I find the first response problematic because, like the liberals, I don’t believe that sex outside marriage should be treated as a crime. I don’t believe that the state/government/organization has a role to play in deciding the morality of anyone’s sexual preferences. However, between the partners, such an incident may cause pain, if there was a promise of exclusivity. Therefore, there are chances that this incident might lead to conversations about ethics and morality between them. But, that too, is nobody’s business.

In the case of the second response, while I believe in the basic premise of their argument, there was something about the situation which was disturbing. This post is a response to this liberal argument.

I believe that the power equation between the involved people has to be considered and scrutinized before we hold flags for the man’s sexual freedom. My dilemma is this – How can one be sure that the relation between those involved is indeed one of consent? The liberals argue that this can be determined based on whether the woman complains or not. As long as the woman does not complain, it should be assumed that the relationship is based on consent. If not, interference would just be a case of moral policing. However I am not convinced that sexual freedom for a person in a position of power, is as naïve as it sounds.

Am I wrong in expecting that a person in a position of power should be accountable to higher moral standards, not because extra marital sex is wrong, but because potential for exploitation is much higher with that kind of power? 

Am I wrong in expecting that a person in a position of power should be accountable to higher moral standards, not because extra marital sex is wrong, but because potential for exploitation is much higher with that kind of power? Therefore, I argue that when a political leader is alleged to be engaged in an extra marital sexual relationship, it should be scrutinized even if the woman does not complain.

Now, that was problematic for the liberals.

I was making an assumption that there was a possibility of exploitation. They were making the assumption that that the sex was consensual and therefore, the organization need not interfere. According to them, my argument denies women of their agency to make a choice.  They argue, this is sexual freedom for the woman, too.
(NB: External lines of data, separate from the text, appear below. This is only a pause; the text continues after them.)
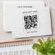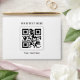 Modern and minimal black and white square wedding response card design features your custom QR code to a wedding website so guests can reply online rather than mailing back a card.
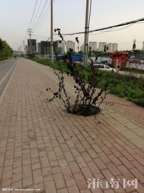 在高新區青桐大道西側,蒙淮風情園附近,人行道上有一處窨井蓋缺失,近一米深的窨井竟用樹枝插在井口(如圖),不僅影響城市形象,更存在安全隱患。不知這種情況要持續到什么時候,希望相關部門及時將窨井蓋補上。(記者)
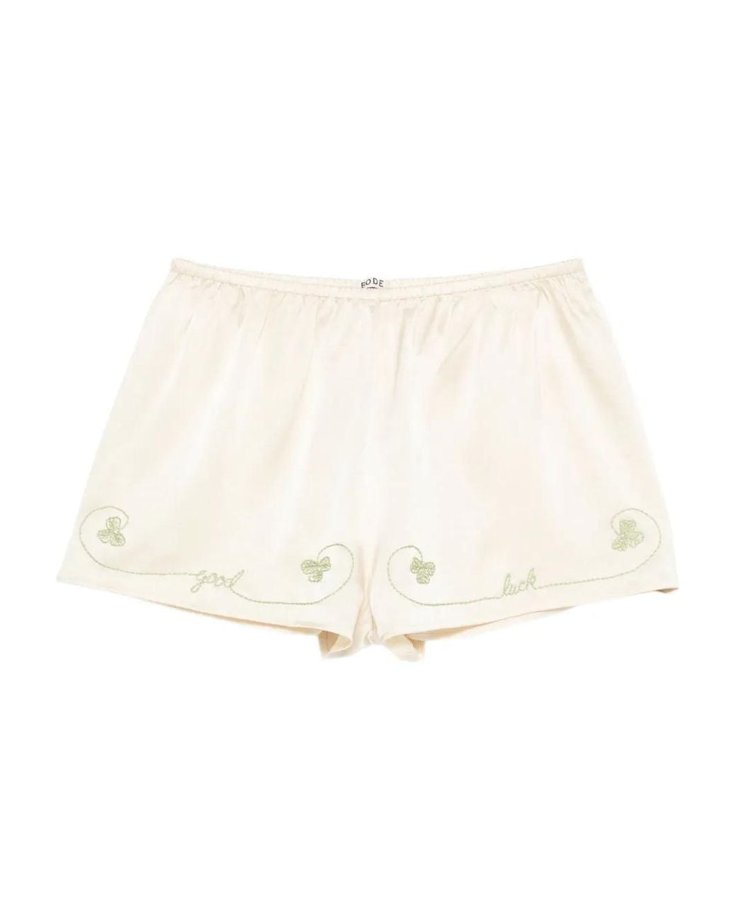 Beige silk embroidered clover motif elasticated waistband Size: L. Gender: Female. Material:Silk. Color: white
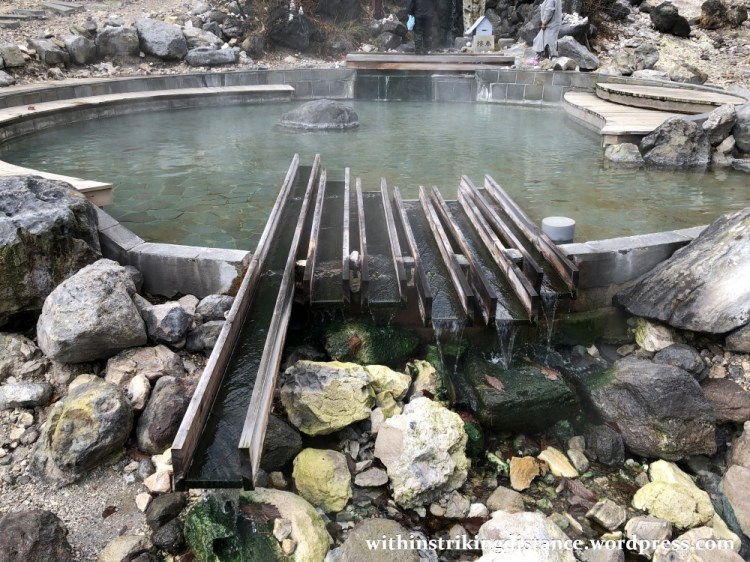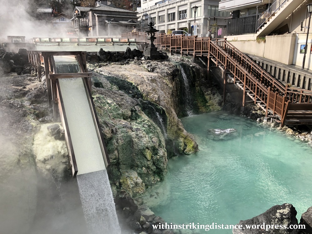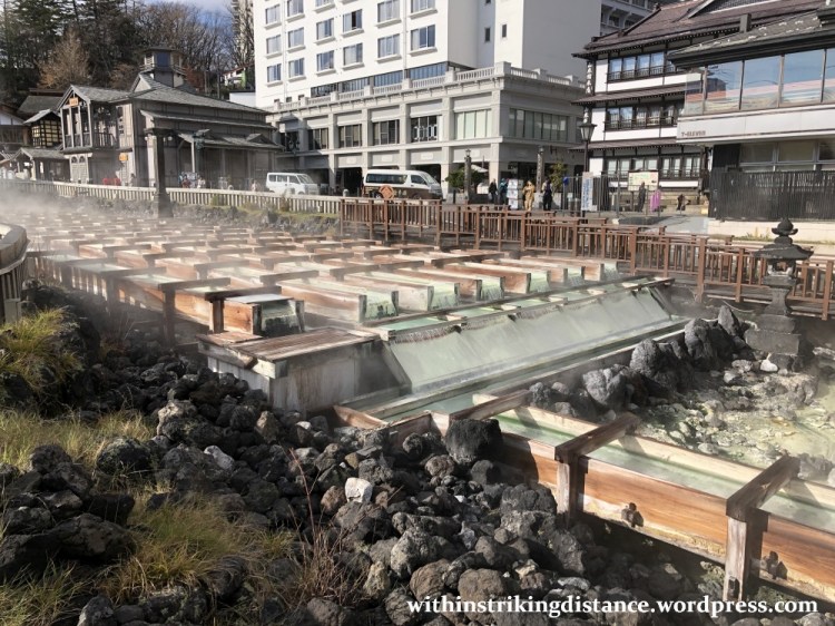…the iconic Yubatake (湯畑). This rather ingenious construction funnels Kusatsu’s scalding-hot spring water – which emerges from the ground in excess of 70 C – down a series of open wooden channels, allowing the cool mountain air to disperse excess heat. The water then cascades into a rock-lined collecting pool, and eventually through pipes for distribution amongst the town’s bathing facilities.

But, is it? In the rhetoric of sexual freedom of the man, I find it disturbing that the abnormal situation between a female subordinate and a male superior is rendered invisible. The purpose of this post is to look a little deeper into the notion of choice, as it seems to be, in these relationships.

Consider the case of casting couch in the film industry. How often do women complain? If women, don’t complain, does it mean that there is no harassment? Should we wait for that one woman who complains or can we interfere on the basis of allegation from a third party?

Before entering into the realm of even answering those questions, there are a few things one needs to understand regarding sexual harassment in the context of organizations which are predominantly male.

Sexual harassment is not rape. It is far more subtle than that.

Think of the following relationships: A male boss and a female subordinate, a male teacher and a female student or a male political leader and a female citizen. In each of these situations, it could be possible that the male plays the role of a mentor, guide and in the case of the political leader, may have helped out the woman using his political influence. In any case, these three relationships are founded on feelings of obligation, fear or respect.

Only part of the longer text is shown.